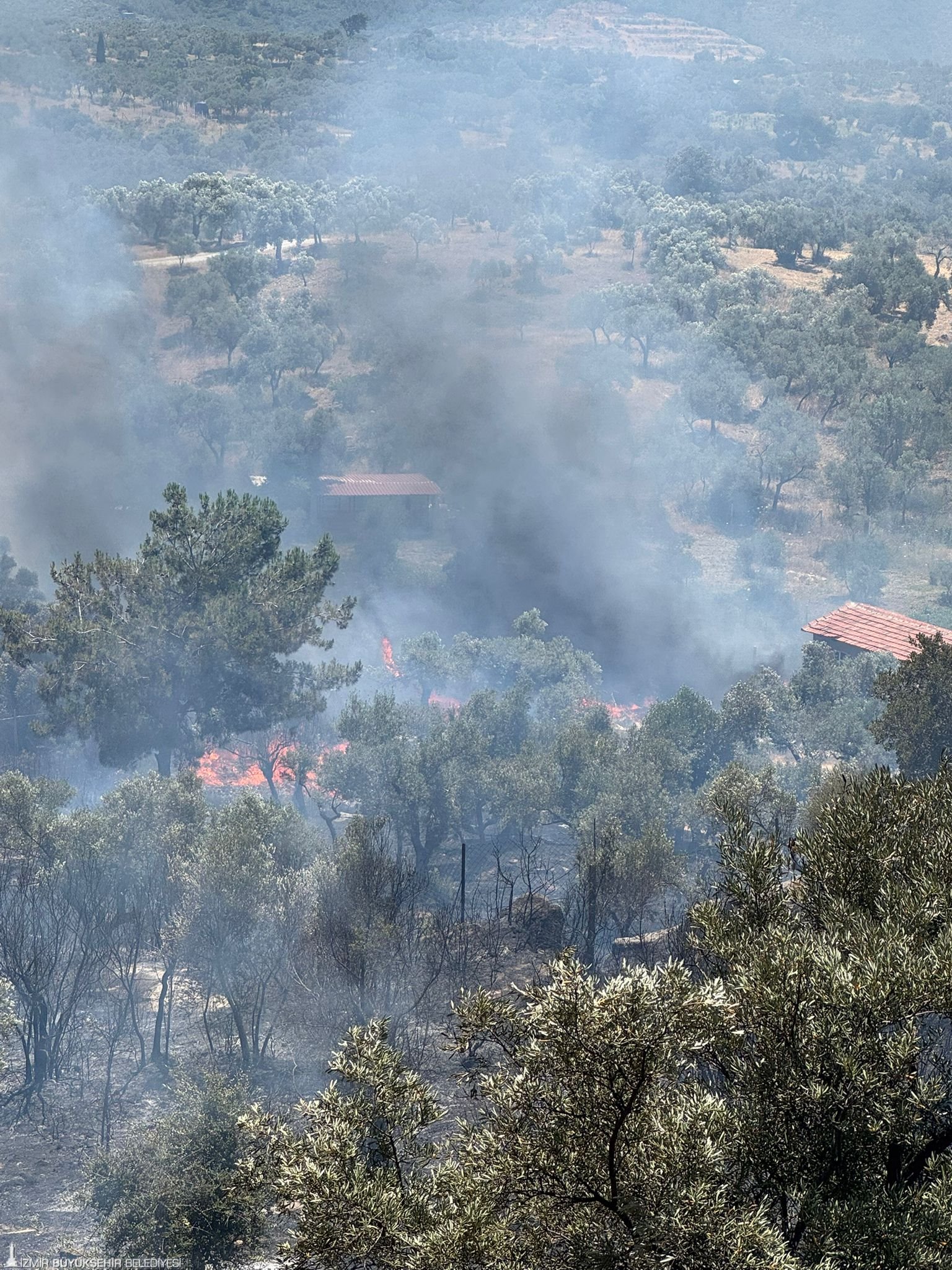 İzmir Büyükşehir Belediyesi İtfaiye Dairesi Başkanlığı ekipleri ile İzmir Orman Bölge Müdürlüğü ekipleri, farklı noktalarda başlayan yangınları kontrol altına almak için yoğun mesai harcıyor. Ekipler Torbalı’da öğle saatlerinde başlayan yangına müdahale etti. Karaot Köyü’ndeki hobi bahçelerinde kaynak çalışması sırasında çıktığı tahmin edilen yangın, kısa sürede büyüdü. İzmir Büyükşehir Belediyesi tarafından köylere dağıtılan su tankerleri ile ilk müdahalenin yapıldığı yangına, İzmir İtfaiye Dairesi Başkanlığı Çaybaşı ve Torbalı grupları da destek verdi. Hobi bahçesindeki bir yapının yandığı yangında, 100 dönüme yakın zeytinlik alan da zarar gördü. Yangın, ekiplerin yoğun müdahalesinin ardından kontrol altına alındı.
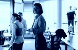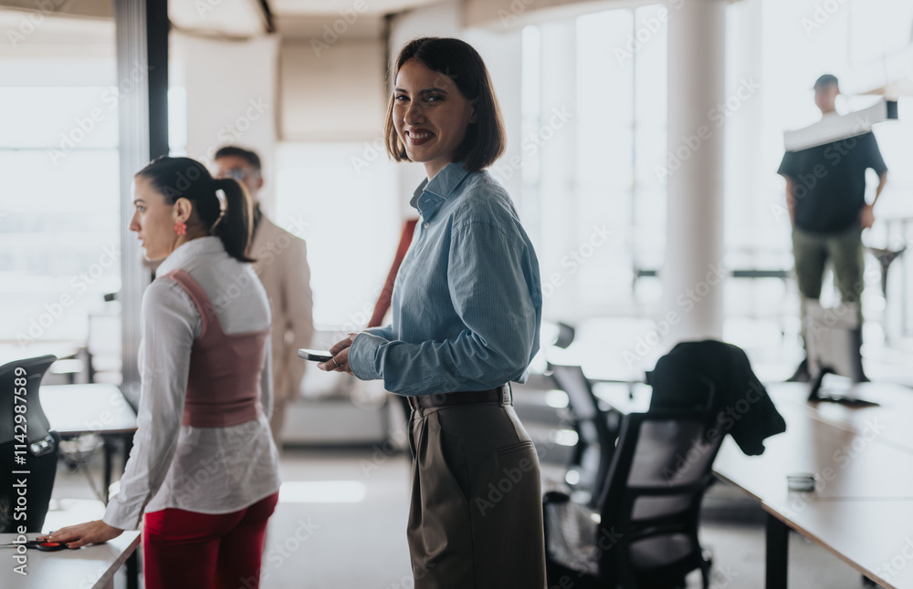 A smiling businesswoman holding a phone in a modern office setting, surrounded by a multicultural team, highlighting teamwork, cooperation, and professional communication in the workplace.
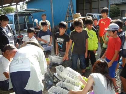 最後にみんなで計量をします。全員で10kgが目標です。何と見事10kgを達成できました。(実は2.5kgほど、農園の方が、おいしそうな実を摘んでくださっていたのですが)
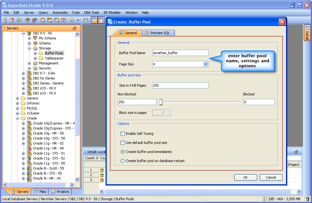 To create a DB2 Buffer Pool, expand the DB2 Storage container and right click on Buffer Pools to select Create Buffer Pool. Enter a Buffer Pool name and select a page size. Under the Buffer Pool Size section, select the size and the number of Non-blocked and Blocked Pages. Select the Block size in pages. Under the Options section choose Self Tuning or Use default Buffer Pool size. Select Create Buffer Pool on database restart or Create Buffer Pool immediately. Preview the SQL in the SQL Preview tab. Click OK to finish.
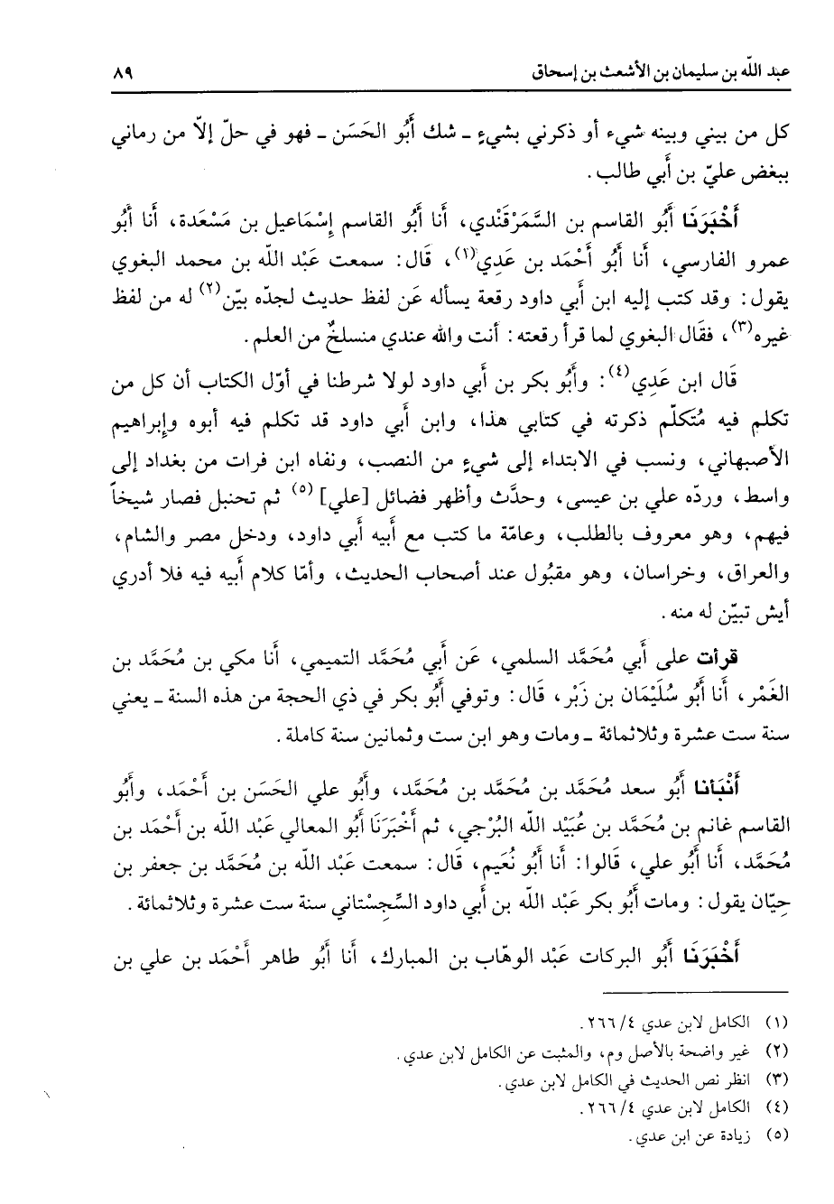 كل من بيني وبينه شئ أو ذكرني بشئ شك أبو الحسن فهو في حل إلا من رماني ببغض علي بن أبي طالب أخبرنا أبو القاسم بن السمرقندي أنا أبو القاسم إسماعيل بن مسعدة أنا أبو عمرو الفارسي أنا أبو أحمد بن عدي (1) قال سمعت عبد الله بن محمد البغوي يقول وقد كتب إليه ابن أبي داود رقعة يسأله عن لفظ حديث لجده بين (2) له من لفظ غيره (3) فقال البغوي لما قرأ رقعته أنت والله عندي منسلخ من العلم قال ابن عدي (4) وأبو بكر بن أبي داود لولا شرطنا في أول الكتاب أن كل من تكلم فيه متكلم ذكرته في كتابي هذا وابن أبي داود قد تكلم فيه أبوه وإبراهيم الأصبهاني ونسب في الابتداء إلى شئ من النصب ونفاه ابن فرات من بغداد إلى واسط ورده علي بن عيسى وحدث وأظهر فضائل علي (5) ثم تحنبل فصار شيخا فيهم وهو معروف بالطلب وعامة ما كتب مع أبيه أبي داود ودخل مصر والشام والعراق وخراسان وهو مقبول عند أصحاب الحديث وأما كلام أبيه فيه فلا أدري أيش تبين له منه قرأت على أبي محمد السلمي عن أبي محمد التميمي أنا مكي بن محمد بن الغمر أنا أبو سليمان بن زبر قال وتوفي أبو بكر في ذي الحجة من هذه السنة يعني سنة ست عشرة وثلاثمائة ومات وهو ابن ست وثمانين سنة كاملة أنبأنا أبو سعد محمد بن محمد بن محمد وأبو علي الحسن بن أحمد وأبو القاسم غانم بن محمد بن عبيد الله البرجي ثم أخبرنا أبو المعالي عبد الله بن أحمد بن محمد أنا أبو علي قالوا أنا أبو نعيم قال سمعت عبد الله بن محمد بن جعفر بن حيان يقول ومات أبو بكر عبد الله بن أبي داود السجستاني سنة ست عشرة وثلاثمائة أخبرنا أبو البركات عبد الوهاب بن المبارك أنا أبو طاهر أحمد بن علي بن
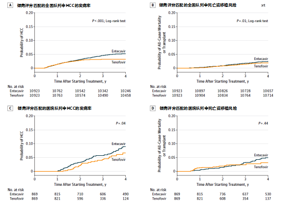 全因死亡率或肝移植率在TDF组也显著低于ETV组,0.36/百人年vs.0.50/百人年,多因素分析HR为0.77,P=0.004。倾向评分匹配分析HR为0.79,P=0.01。

______

◆ **Aim of the exercise**
Only an exact copy is wanted: the lines from the opening of the material through the line that has "最後にみんなで計量をします。", minus any pictures.

◆ **Result**
 İzmir Büyükşehir Belediyesi İtfaiye Dairesi Başkanlığı ekipleri ile İzmir Orman Bölge Müdürlüğü ekipleri, farklı noktalarda başlayan yangınları kontrol altına almak için yoğun mesai harcıyor. Ekipler Torbalı’da öğle saatlerinde başlayan yangına müdahale etti. Karaot Köyü’ndeki hobi bahçelerinde kaynak çalışması sırasında çıktığı tahmin edilen yangın, kısa sürede büyüdü. İzmir Büyükşehir Belediyesi tarafından köylere dağıtılan su tankerleri ile ilk müdahalenin yapıldığı yangına, İzmir İtfaiye Dairesi Başkanlığı Çaybaşı ve Torbalı grupları da destek verdi. Hobi bahçesindeki bir yapının yandığı yangında, 100 dönüme yakın zeytinlik alan da zarar gördü. Yangın, ekiplerin yoğun müdahalesinin ardından kontrol altına alındı.
 A smiling businesswoman holding a phone in a modern office setting, surrounded by a multicultural team, highlighting teamwork, cooperation, and professional communication in the workplace.
 最後にみんなで計量をします。全員で10kgが目標です。何と見事10kgを達成できました。(実は2.5kgほど、農園の方が、おいしそうな実を摘んでくださっていたのですが)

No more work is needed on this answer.